Incidentally, the English of the article was good, but I really dislike the translation of Nebenklägerin – taken straight from Dietl – as joint plaintiff. My suggestion is private co-prosecutor. This refers to the role of the victim’s mother. I know the German “Kläger(in)” is closer to plaintiff than prosecutor, but it seems odd in a criminal court. – Romain has additional private prosecutor, which is better, although it seems to suggest that there are multiple private prosecutors, unless you put commas in.

iDivorce

It’s only a few months before divorce law in England and Wales becomes more sensible. But currently, if you want a fairly quick divorce, the easiest way is to prove that your spouse’s behaviour is ‘unreasonable’, that is, not reasonably acceptable to you.

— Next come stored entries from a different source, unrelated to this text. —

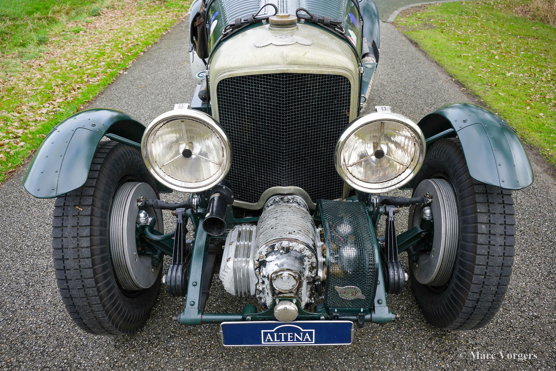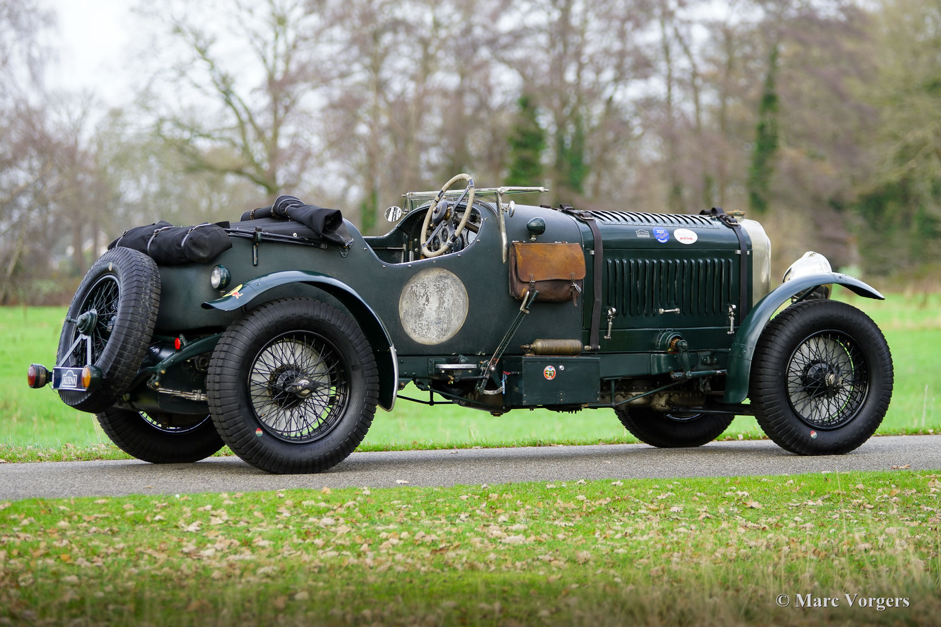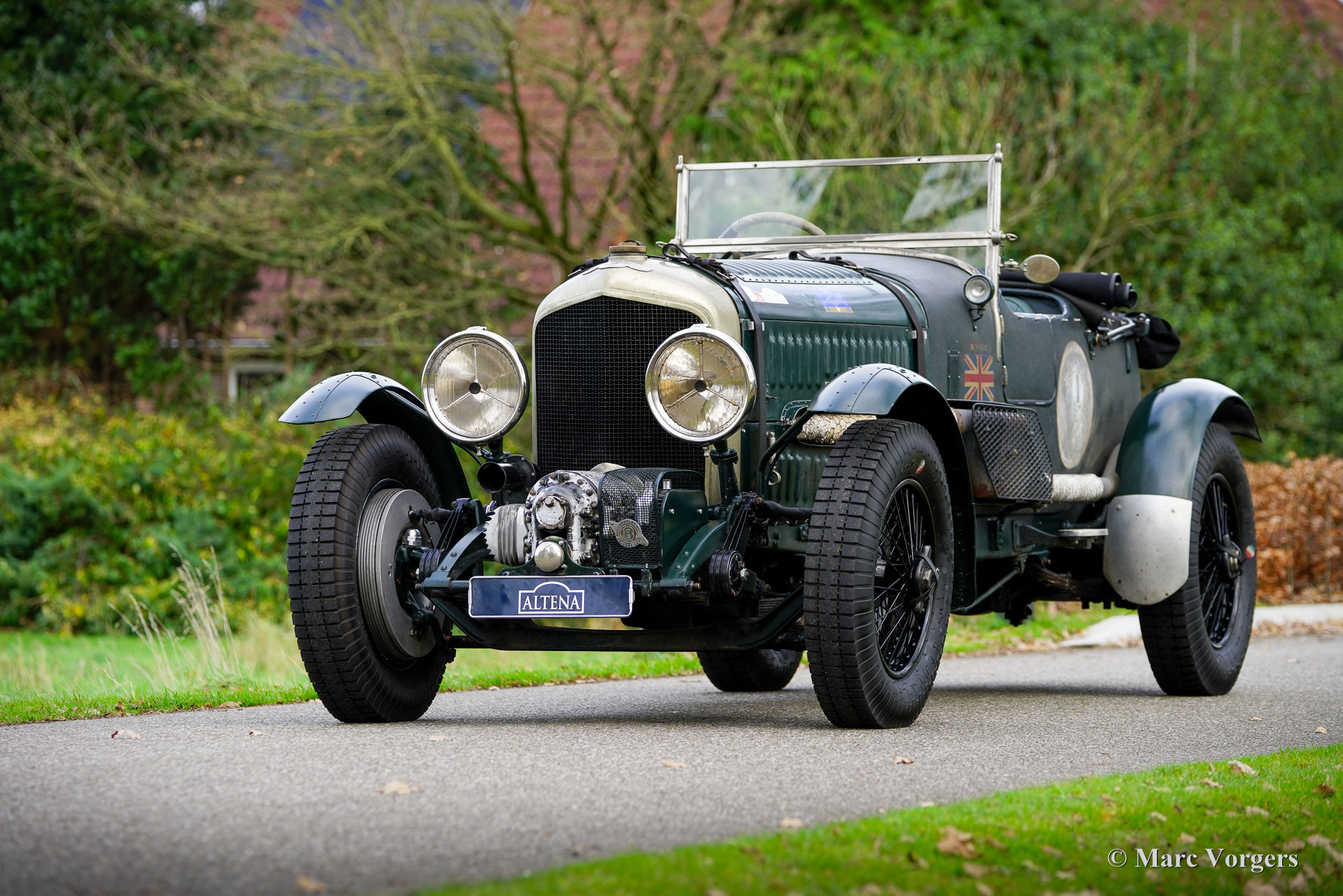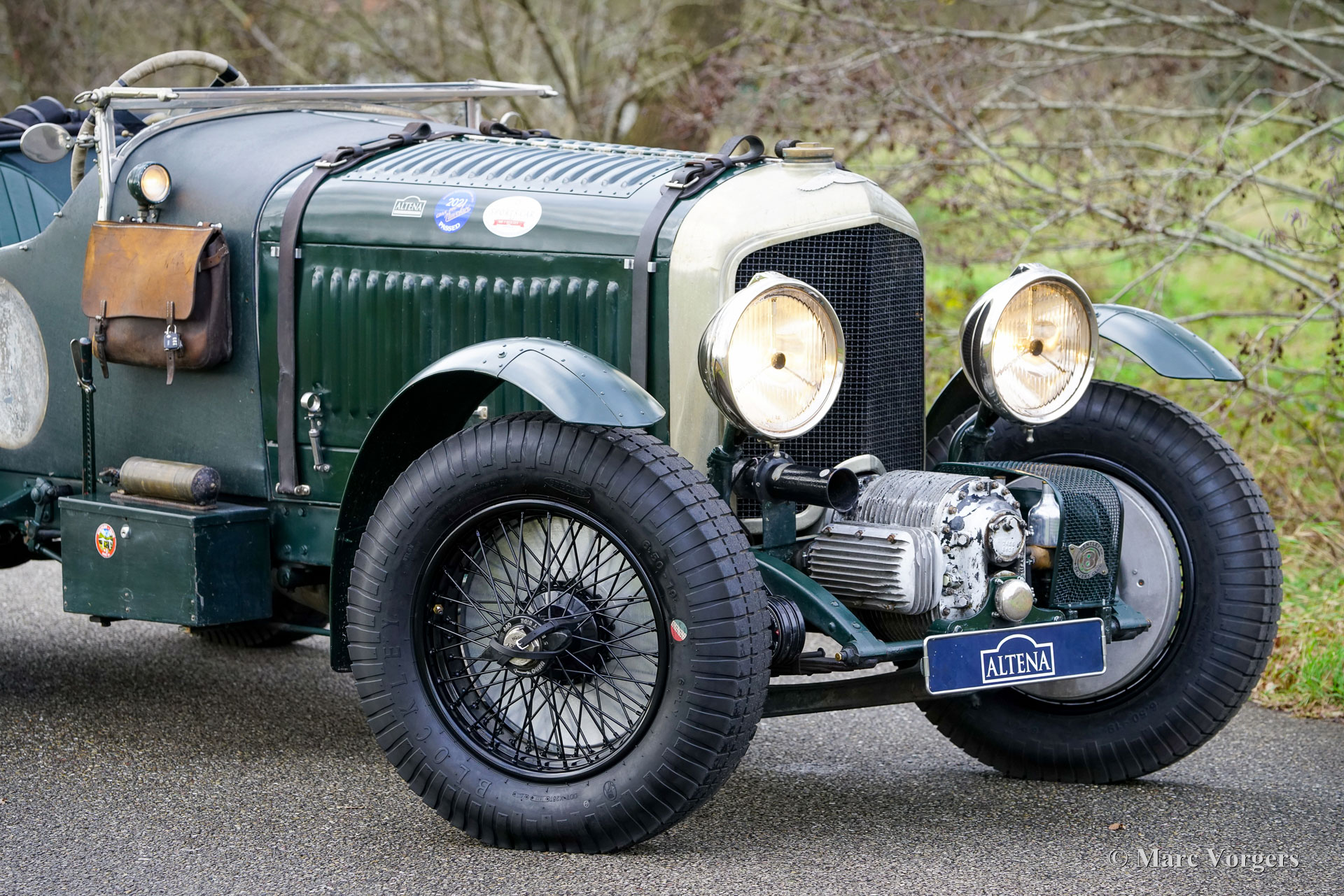 Bentley 4-Litre „Blower“, Baujahr 1931. Der Bentley 4-Litre zählt zu den seltensten Bentley-Modellen, die unter der Leitung von W.O. Bentley vor der Übernahme durch Rolls-Royce im Jahr 1931 produziert wurden. Nur fünfzig Exemplare des 4-Litre wurden gebaut, und dieses Fahrzeug ist ein seltener Überlebender. Im Jahr 2017 wurde der Wagen von Altena Classic Service vollständig zerlegt und verbessert, ohne die originale Patina zu beeinträchtigen. Der 3915 cm³ große Bentley-Reihensechszylinder wurde überholt und mit einem einwandfrei funktionierenden Marchal-Kompressor (Gebläse) ausgestattet. Sämtliche anderen mechanischen Komponenten wurden von Altena Classic Service geprüft, überholt und instandgesetzt. Einen Eindruck von den durchgeführten Arbeiten erhalten Sie im Fotoreport von 2017. Die Hinterachse wurde überholt, neue Trommelbremsen angefertigt, eine neue Lenksäule mit neuem Lenkgetriebe eingebaut und neue Speichenräder montiert. Der Wagen ist mit zwei SU-15-Motoren ausgestattet. Vergaser (am Kompressor montiert) und zwei SU-Kraftstoffpumpen sowie Speichenräder mit Blockley-Reifen der Größe 6,50 x 19 Zoll. Die originale Sitzbank (mit dunkelrotem Leder bezogen und noch vorhanden) wurde durch zwei Schalensitze mit grünem Lederbezug ersetzt. Lackiert in dunklem British Racing Green und mit einer über 80 Jahre alten Patina, präsentiert sich dieser mächtige Bentley 4-Liter-Kompressor in beeindruckend originalem Zustand. Seit der mechanischen Überholung in unserer Werkstatt hat der Besitzer den Wagen bei verschiedenen Langstrecken-Rallyes wie dem Gran Premio Nuvolari 2021 genossen. 2024 unternahm der eigner mit dem Bentley eine lange Reise durch Frankreich. Er hat sich als robuster und zuverlässiger Begleiter erwiesen! Dieser wundervolle Vintage-Bentley ist in der niederländischen und europäischen Oldtimer- und Rallye-Szene bestens bekannt. Der Wagen wurde und wird seit 2017 in unserer Werkstatt lückenlos gewartet und ist bereit für viele aufregende Abenteuer in den Händen eines echten Bentley-Fans!
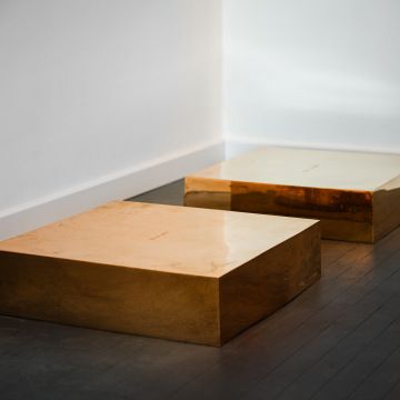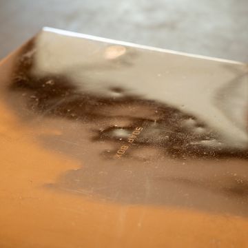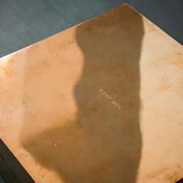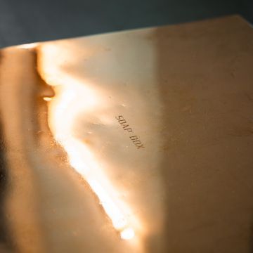 Soap Box reactivates a historical form of public address, elevated both literally and materially into a minimalist sculpture of cast, polished bronze. Its gleaming surface reflects the viewer while grounding them within a lineage of civic speech. The small central engraving, Soap Box, refers to the improvised oratory platforms first used in London's Hyde Park in 1855, where citizens of all classes would voice their grievances and convictions in the open air.
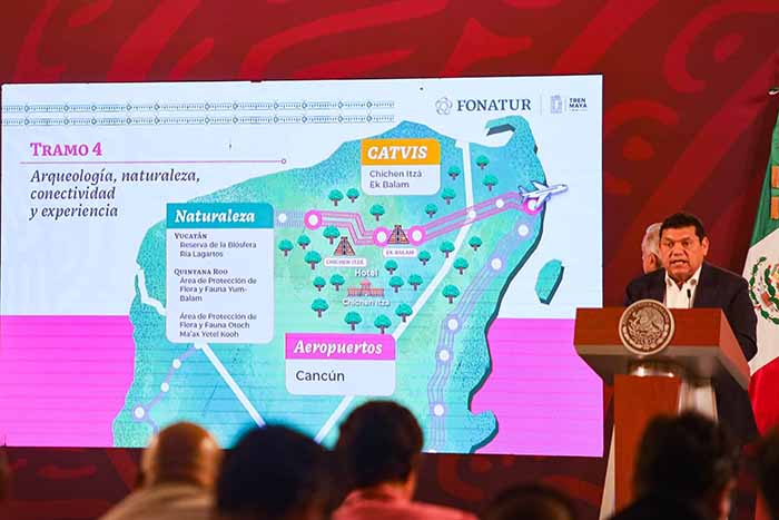Javier May reiteró que el Tren Maya será inaugurado en diciembre de este año para iniciar «una nueva etapa para el turismo en el país, moderno, sustentable, seguro, con integración de las comunidades y de los pueblos, y con pleno acceso a la grandeza del sureste mexicano». Sun
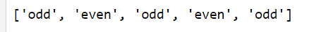 # Output: ['odd', 'even', 'odd', 'even', 'odd']
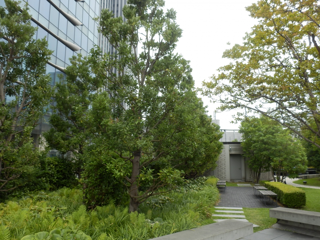 です、建物は二階以外繋がっていません、判りにくい場所でJRからグランフロントに入ると直ぐ右のエレベーターで八階(八階止め)(へここからエスカレーターで九階へ。裏口みたいなドアーからテラスに出ます、屋上なので樹木はあまりありませんがよく茂ってきていました、ここへ来る人はいつ来てもほとんどいませんので貸し切りの庭園の感じでのんびりできます- 旅行時期
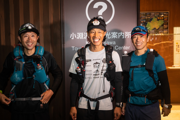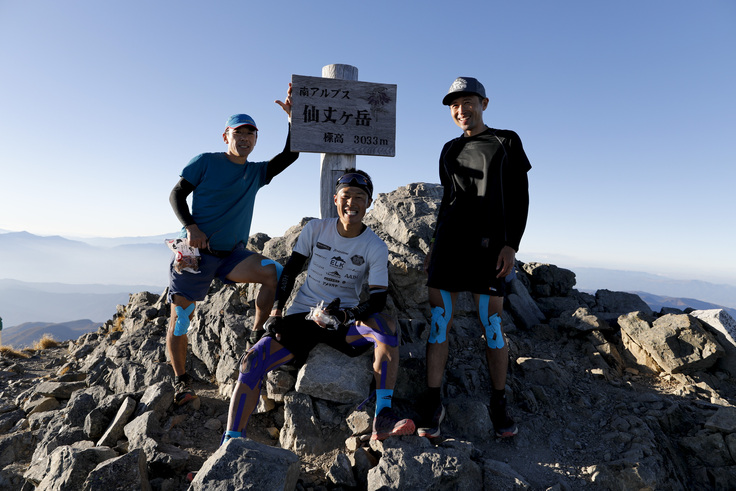 そこをまずは自分の仲のよい選手の中で、ロングトレイルがとても好きであろうメンバーに声をかけてみました。15名ほどが集まり、みんなで280㎞を5日間かけてぐるりとしたのです。2020年と違うところは、夜しっかりご飯を食べて、温泉があるところでは入り、しっかり寝る、こと。これが、最高によくて、幸福感に包まれたわけです。みんなでひたすら走って歩いて、しゃべって、食べて、お風呂入って、寝る。これ以外は何もありません。その空間を全力で楽しむだけの5日間。まさにトレイル旅行とでもいいましょうか。体よりも喉がまず痛くなります(笑)。私自身こんな経験をしたことなかったです。長い日では、朝4時から夜9時までひたすらみんなで歩く。圧倒的な景色と、普段会えない仲間との会話により17時間行動も気になりませんでした。終わってほしくない時間でしたね。
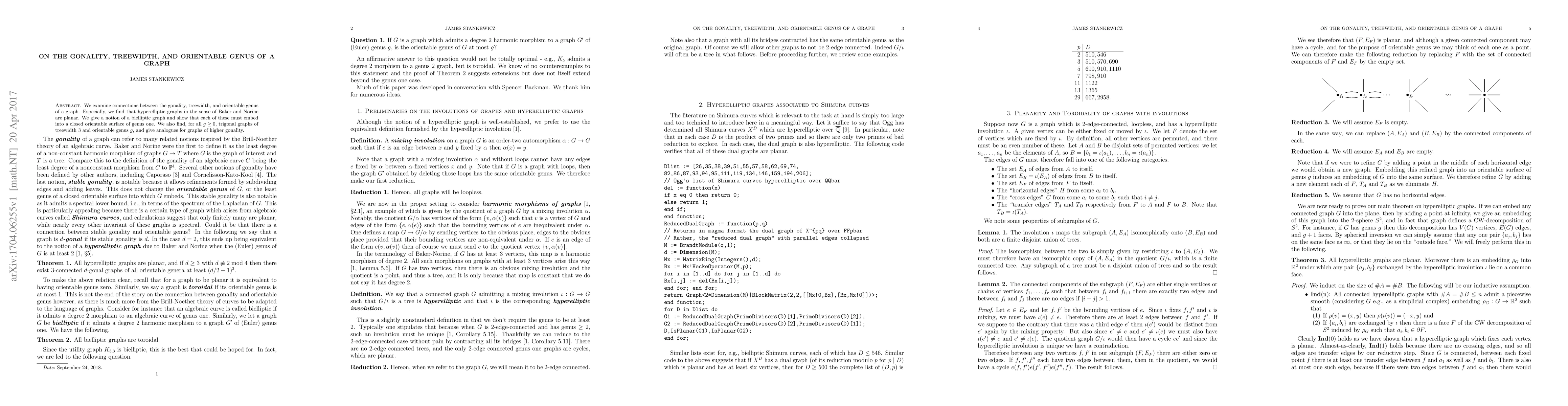 This paper explores relationships between gonality, treewidth, and orientable genus in graphs, proving that hyperelliptic graphs are planar, bielliptic graphs embed in genus one surfaces, and finding trigonal graphs of treewidth 3 and orientable genus $g$ for all $g\ge 0$.
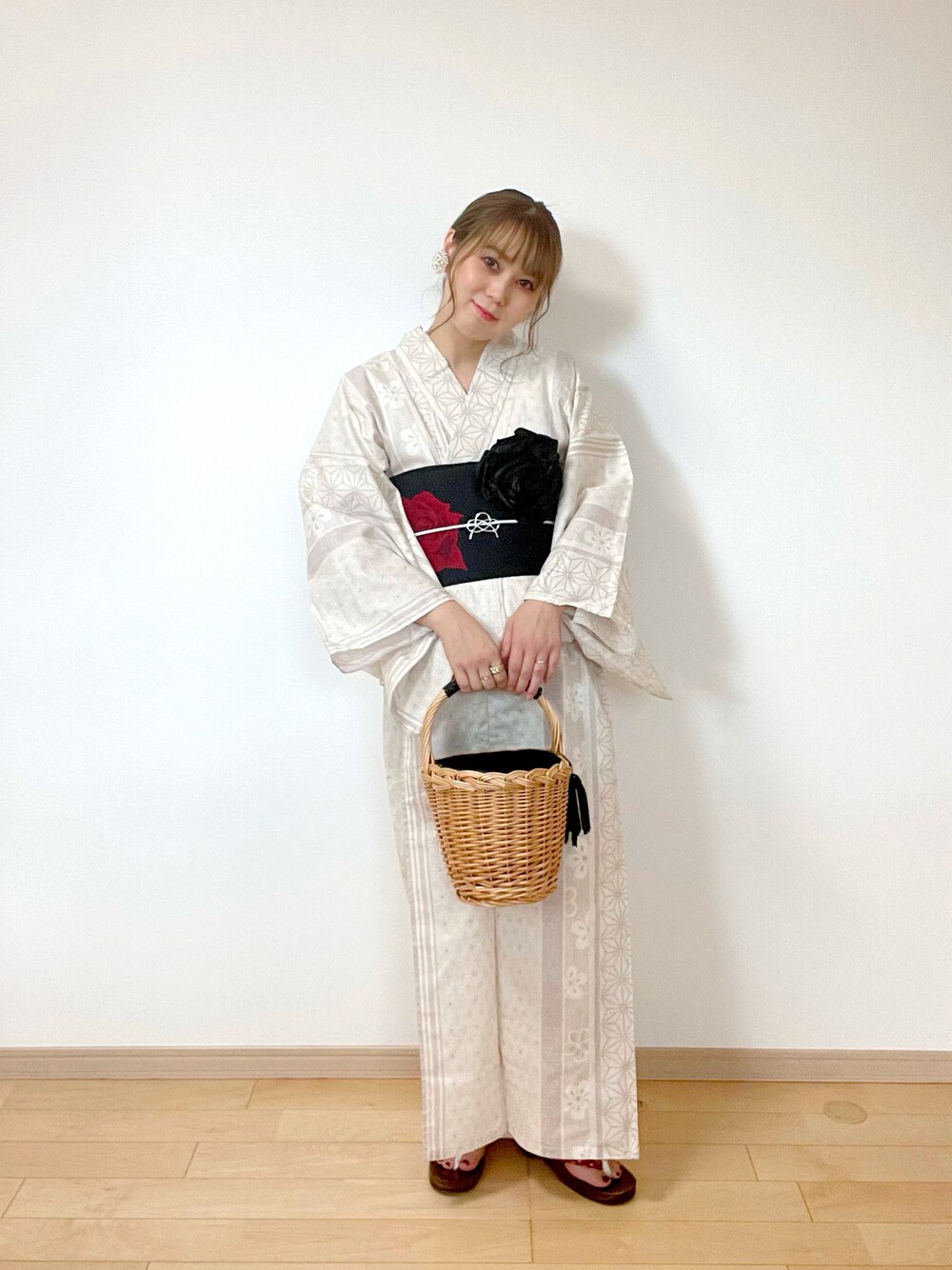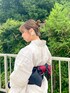 eri♡の浴衣「平帯で浴衣美人に!豪華8点浴衣セット(浴衣・平帯・下駄・帯飾り・髪飾りコサージュ・腰紐2本・前板) 上品昭和レトロ」を使ったコーディネート
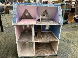 This is a beautiful, fully homemade dollhouse with 3 floors, real carpeting and a beautiful design in and out for you or someone that is still a child at heart.

In times of iSmash, iBroken and so on, it’s not surprising that there is a firm called iDivorce. A judge has recently rapped them over the knuckles for having 28 clients with virtually identical wording with regard to the respondents’ behaviour.

Judge spots clowntown divorce factory using identical wording in 28 petitions (RollOnFriday):

IDivorces’ efficient but unlawful approach had resulted in declarations that were untrue, said The judge. “If I needed to give an example, it would be to say that it would be incredible if all twenty eight respondents ignored the twenty eight petitioners and declined to communicate with them on about two days per week”, he said.